How do you understand the American scholar Valerie Hansen's assertion that religions in China have become more practical and market-oriented since the Song Dynasty? Do you think that the beliefs of Guan Yu in the three generations of the Song, Ming, and Qing dynasties have become more and more practical?

Tian Hai: Actually, Rui Lewei is a very good friend of mine (see the preface to this book for details), but I don't completely agree with her point of view, and I think she probably won't mind. Chinese religious culture, including what we call doctrinal Buddhism, Taoism, and other types of religions, has a very practical side. Both Ian Reader and George Tanabe have proposed that Buddhism has had a very practical aspect since its inception. If we read the Lotus Sutra, we will find out how much "practical" content there is for life in this world! Of course, this is not surprising at all. Only a very, very, very small number of people are concerned with the philosophical, doctrinal aspects of religious culture. Most people have specific, personal demands and purposes for religious practice. What we can speculate is that the unprecedented commercial expansion that began in the eleventh century clearly affected the religious life of Chinese. People's practical needs, including those at the commercial level, are also increasingly complex, so it's no surprise that we can certainly find growing themes about miracles and spiritual stories.

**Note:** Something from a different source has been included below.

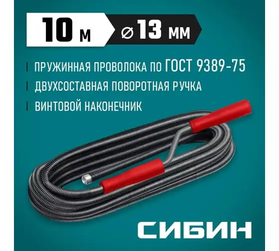 Сантехнический трос СИБИН 10 м, d 13 мм 51913-10
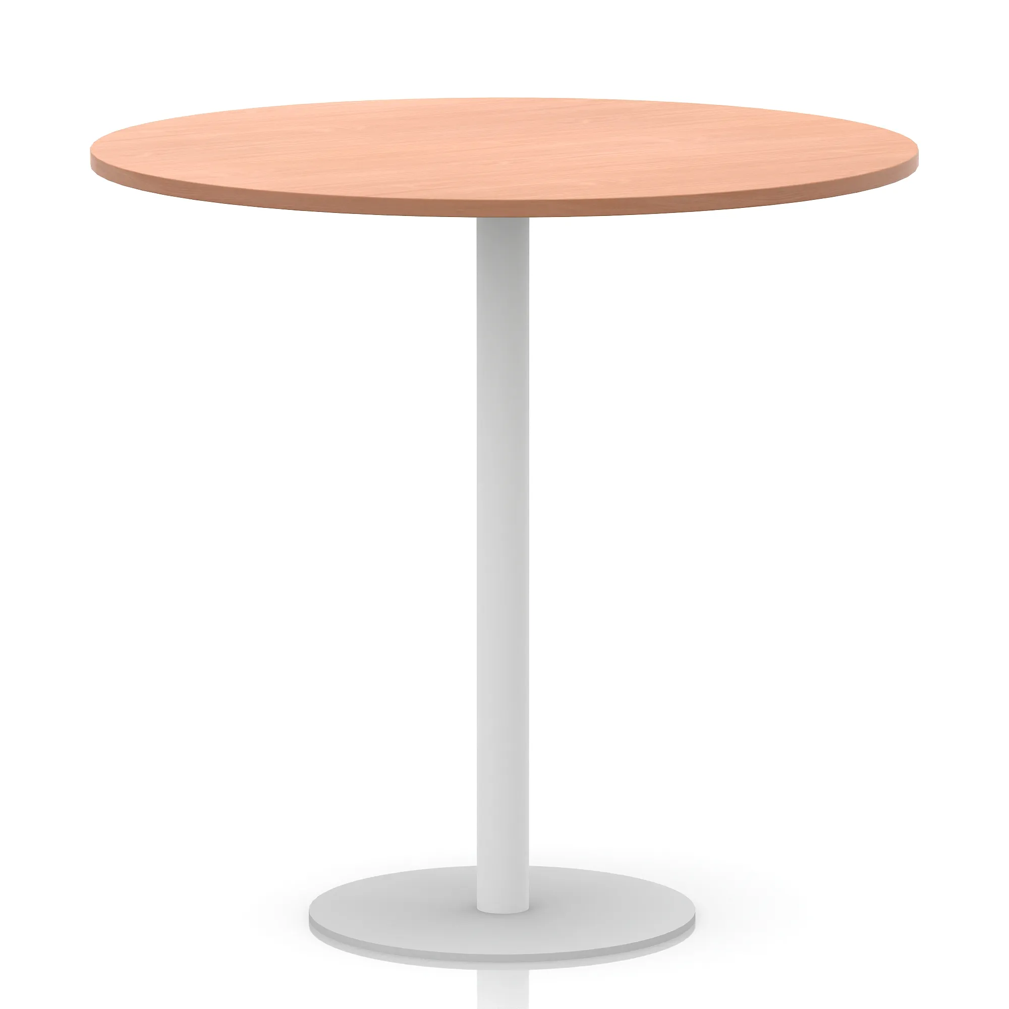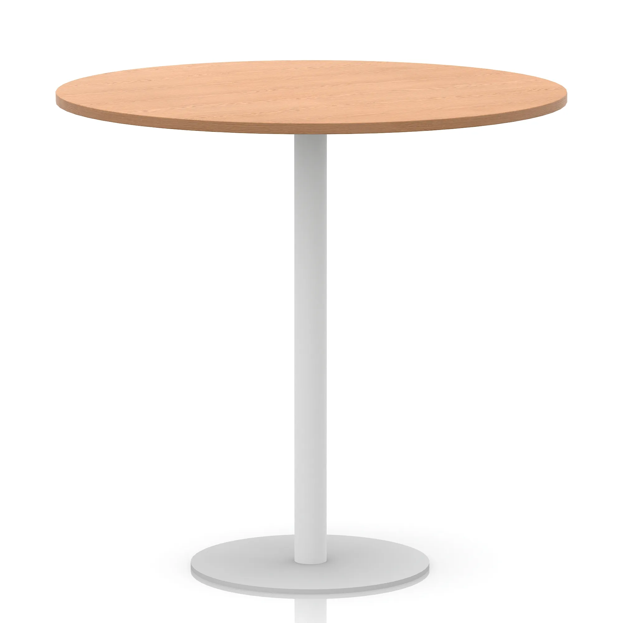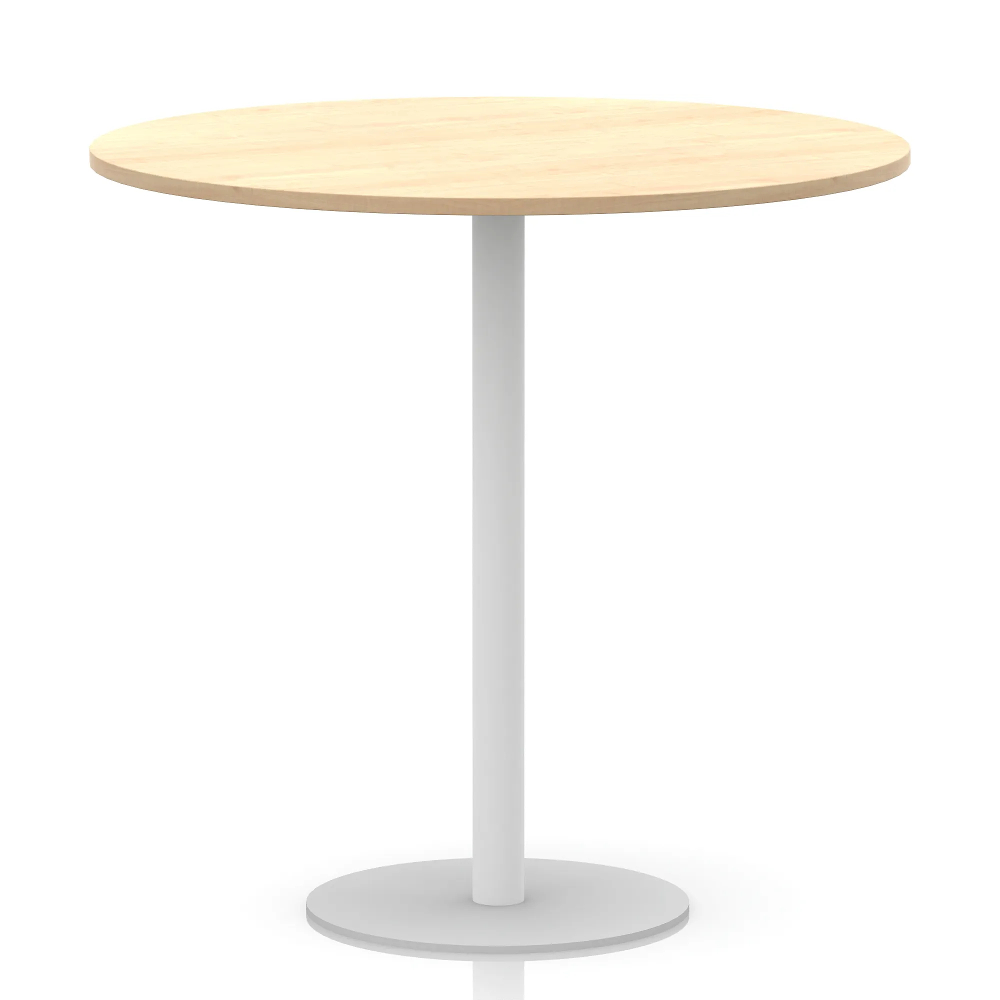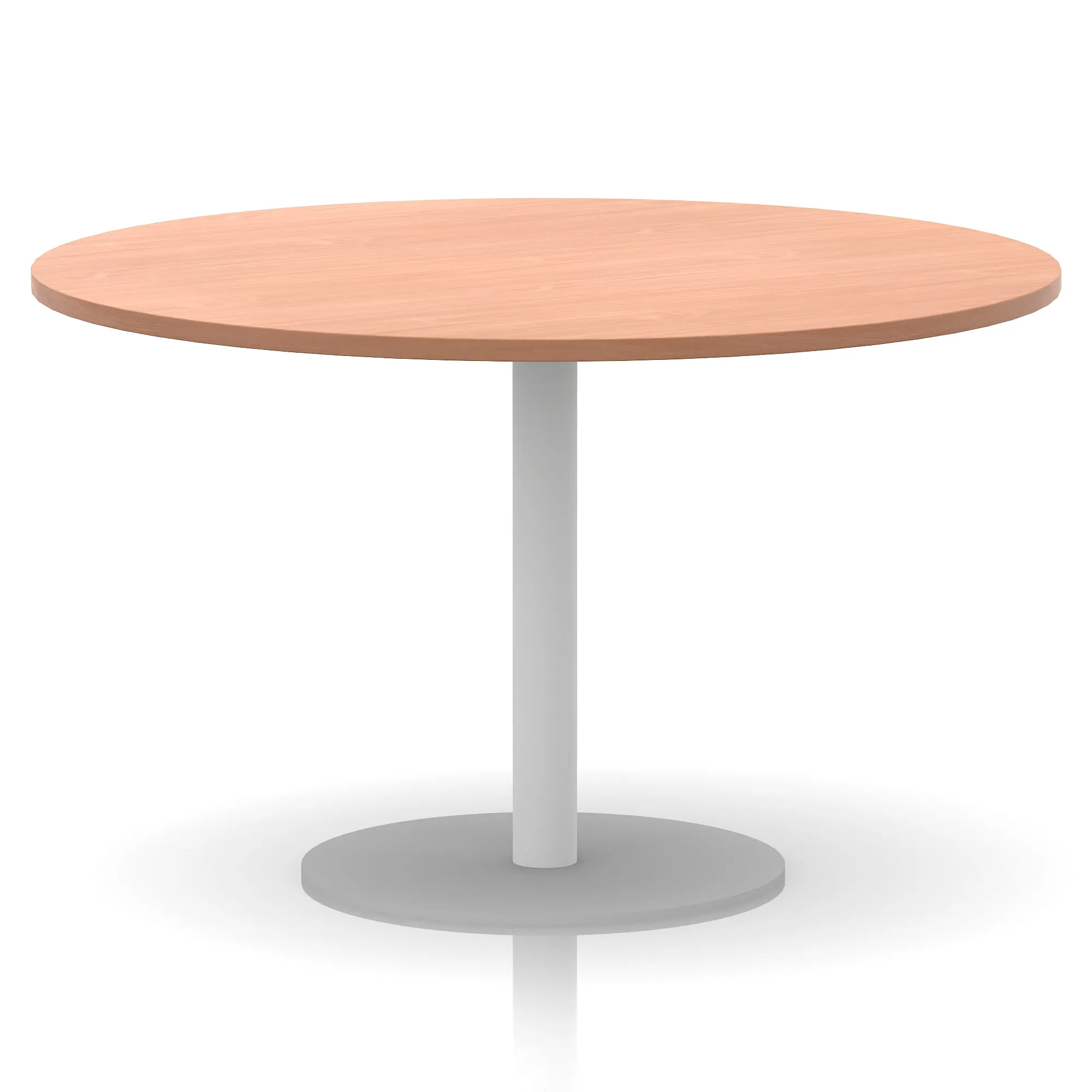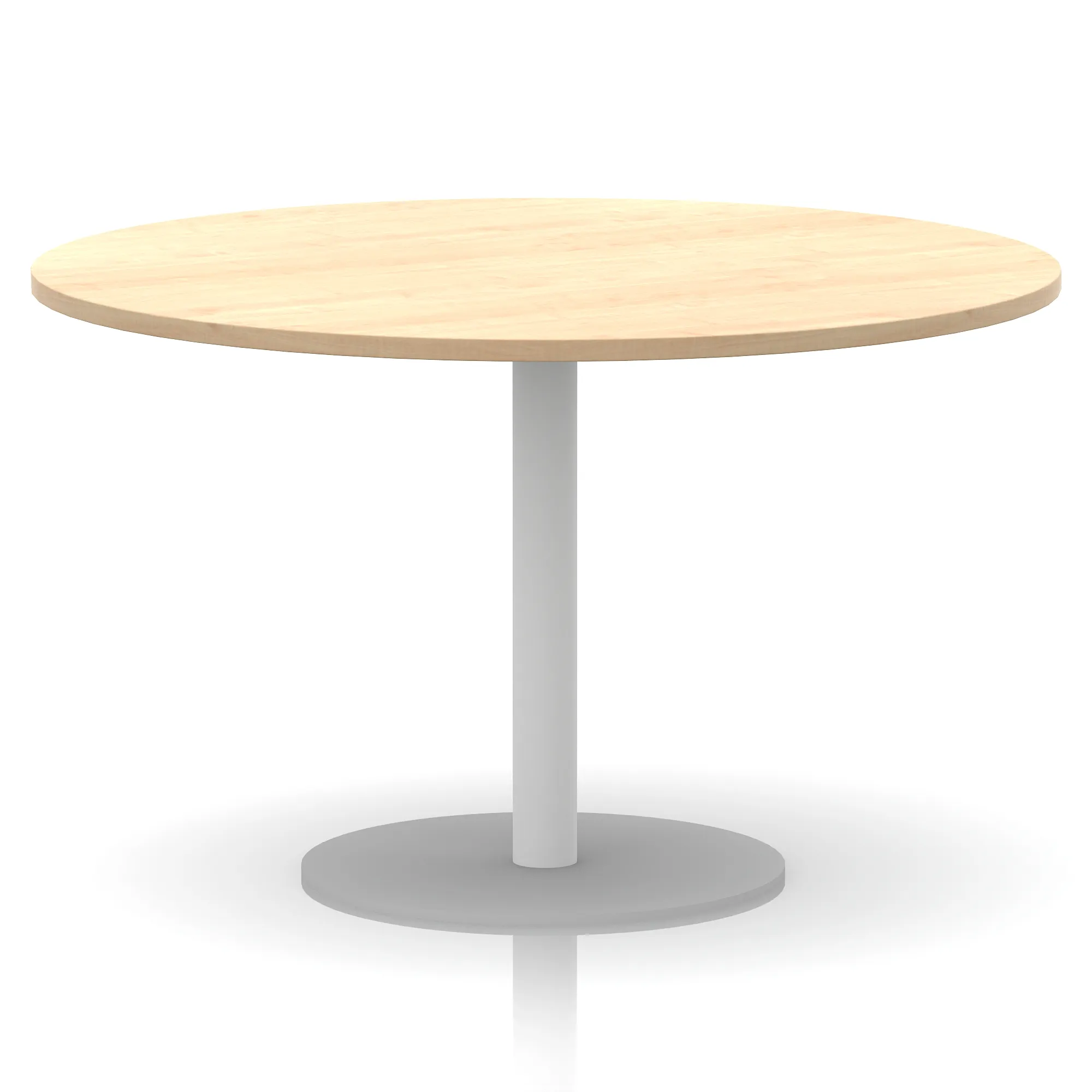 25mm thick desk top profile | Brushed stainless steel effect circular base (580mm diameter) | Brushed stainless steel pillars (76mm diameter) | Weighted base provides stability | Two part bolted frame system

But this is not because the nature of religion in China has changed since the eleventh century, religious life has always been closely linked to social, economic, and political development. I can only say that I am still a fan of Max Weber and Karl Marx on this subject, because the cultural thinking shaped by economic life has always interacted with religious ethics in terms of the practical aspects of religion.

Do you think that on the whole, the Guan Yu faith in china in history can reflect some characteristics of the spiritual world and cultural life of the Chinese?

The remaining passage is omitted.